5. A Lei de 15 de outubro de 1827 organizou a instrução elementar
A legislação determinou a criação de escolas de primeiras letras e definiu conteúdos como leitura, escrita, aritmética, noções de geometria prática e gramática nacional. Também estabeleceu referências religiosas e morais para a formação escolar.
6. O currículo expressava expectativas sociais
A legislação diferenciava aspectos da formação de meninos e meninas. Para as meninas, por exemplo, havia restrições em relação a determinados conteúdos matemáticos e valorização de conhecimentos associados às chamadas “prendas domésticas”. O currículo, portanto, também expressava concepções sociais sobre os papéis atribuídos aos diferentes grupos.
7. O ensino mútuo buscava organizar muitos alunos com poucos professores
No método mútuo ou monitorial, alunos mais adiantados auxiliavam o professor na condução das atividades. A proposta estava relacionada à organização de grupos numerosos e à busca por maior racionalização dos custos e do funcionamento das escolas.
8. A legislação não deve ser confundida com a realidade escolar
A existência de leis educacionais não garante sua implementação. Fontes administrativas, relatórios e outros documentos permitem investigar dificuldades relacionadas a prédios, materiais, salários, professores e condições de funcionamento das escolas.

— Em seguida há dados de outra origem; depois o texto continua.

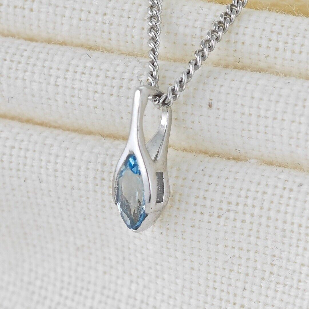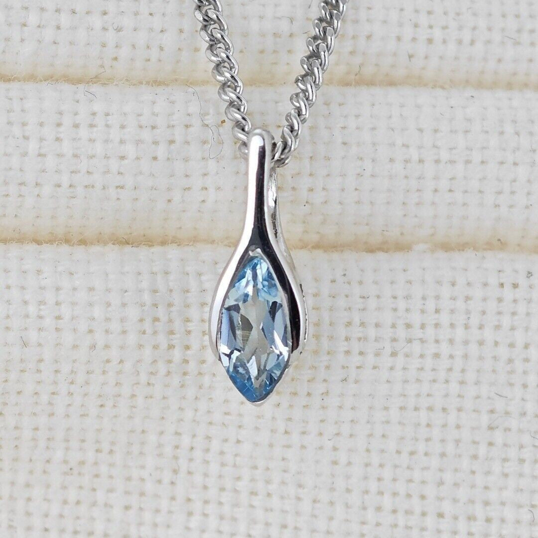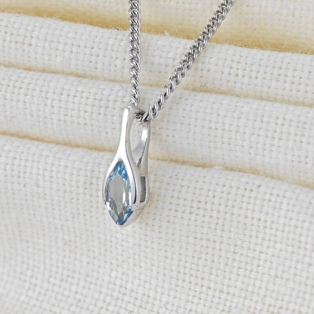 Blue Topaz Pendant Sterling Silver Minimalist Marquise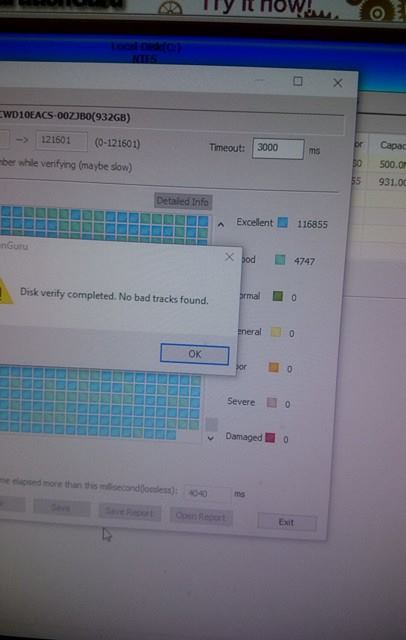 Disk jsem testoval v PartitionGuru Free 4.8.0. - výsledek viz. obrázek (fotil to on

9. O Ato Adicional de 1834 ampliou as responsabilidades das províncias
O Ato Adicional atribuiu às províncias responsabilidades importantes relacionadas à instrução primária e secundária. O ensino superior, entretanto, permaneceu ligado ao governo central.
10. Descentralização não significou igualdade educacional
A capacidade das províncias de organizar, financiar e ampliar a instrução variava de acordo com suas condições econômicas e sociais. Por isso, a descentralização administrativa e financeira não eliminou as desigualdades existentes na sociedade imperial.
🎯 Para guardar
A história da educação no período imperial pode ser compreendida pela relação entre legislação, instituições, formação profissional, administração, financiamento e estrutura social. Entre 1808 e 1834, houve ampliação da organização institucional e normativa da educação, mas a escolarização continuou marcada pelas condições concretas e pelas desigualdades da sociedade brasileira.